Kaleidoscope

Every sentence of this latest thing has been hard-won, but I think that might kind of be the point. I'm writing about a guy for whom every sentence is hard-won, so maybe this is method-writing?

At any rate, please enjoy this brief snippet from this week's work:

When she collected her things and started for the door a few minutes later, he followed at a distance, doing his best not to scare her. But as she stepped into the darkened alley out back, he worried over her and was overtaken by the chivalrous desire to offer her his arm.

“But,” I protest, “you had to know nothing was going to happen to her, not yet.”

Taylor glares at me. “There are worse things than death,” she says. “Especially lurking in back alleys, especially for the pretty and the innocent.”

Michael says nothing, letting Taylor’s objection stand in for his, and then he continues. “I resisted the urge,” he says. “I held back. But a moment later, I wished I hadn’t. As I held back beneath the awning, she crossed the narrow expanse of the alley and disappeared into the shadows on the other side.”

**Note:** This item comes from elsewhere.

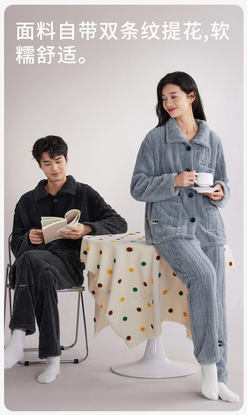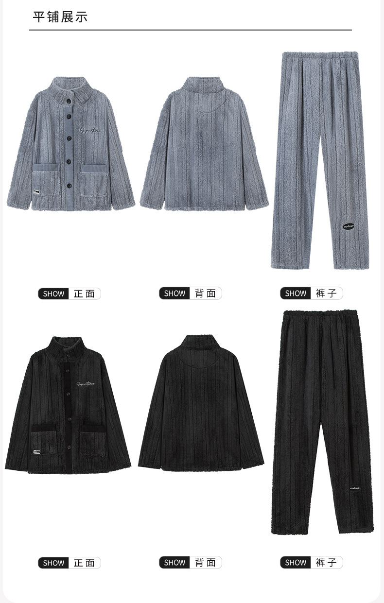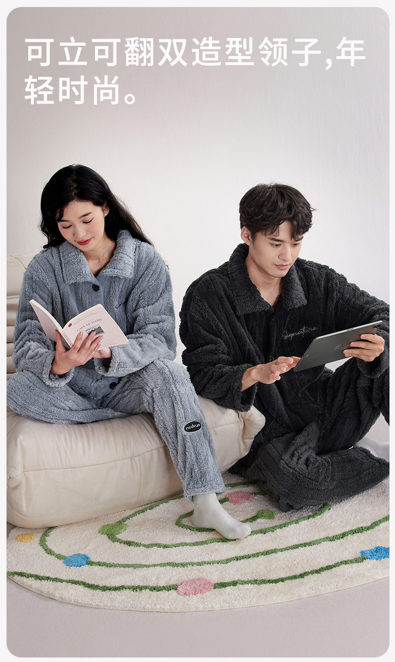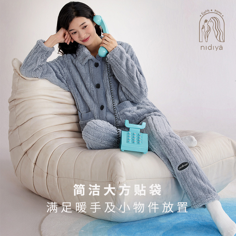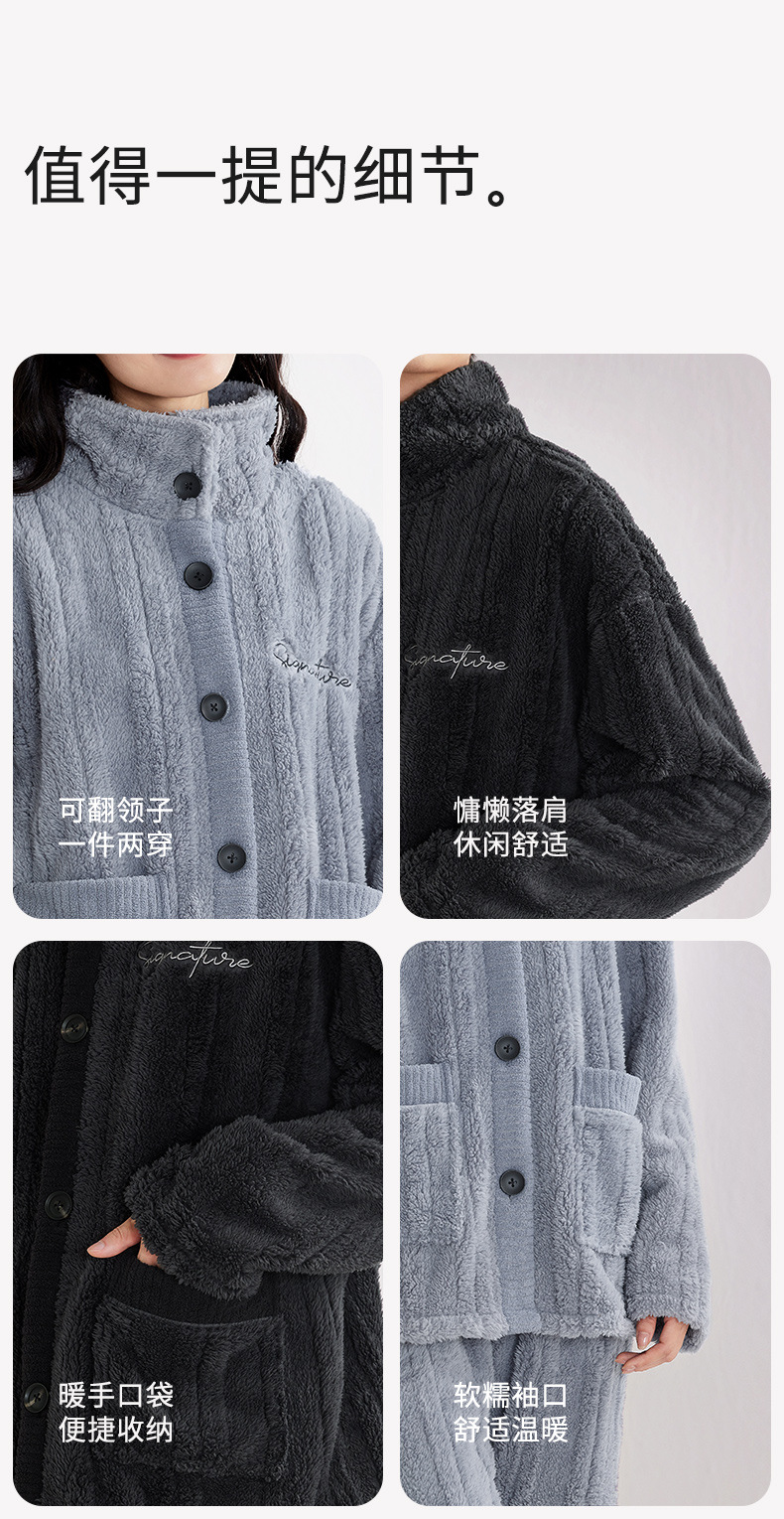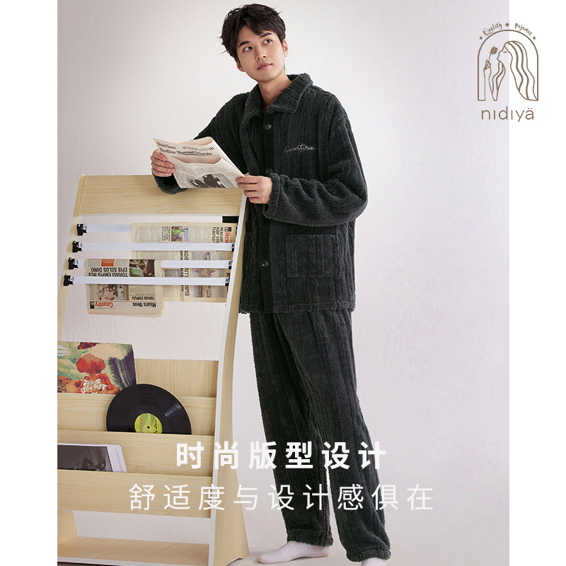 Nidiya 잠옷 여성의 겨울 산호 양털 따뜻한 스탠드 칼라 남성 캐주얼 카디건 패션 스트라이프 홈웨어 세트

He rushed to reach her, he tells us, to rescue her from whatever foul force had taken her from him, but that’s when the truly miraculous thing happened. As he stepped into the shadows himself, it was like the heavy curtains of a proscenium stage parted before him; he was swallowed up then by a whirl of lights strobing from both above and below.

It was like being inside a kaleidoscope, he tells us, only the abstract shapes soon resolved into cubist tableaus, which then quickly sharpened into surrealist nonsense — Michael’s words, not mine — before settling into a series of pop art posters representing critical periods from the whole of Jenna’s life. As he reached his fingers towards one, the kaleidoscope would slow and the one poster would spread out into a half-dozen smaller ones, each representing an even more specific moment. And as he drew his face close to each one of those, it was as if the moment were a filmstrip in a projector that was just sputtering to life. When he drew back, trying to take more of this strange sight in, the memories went still once more.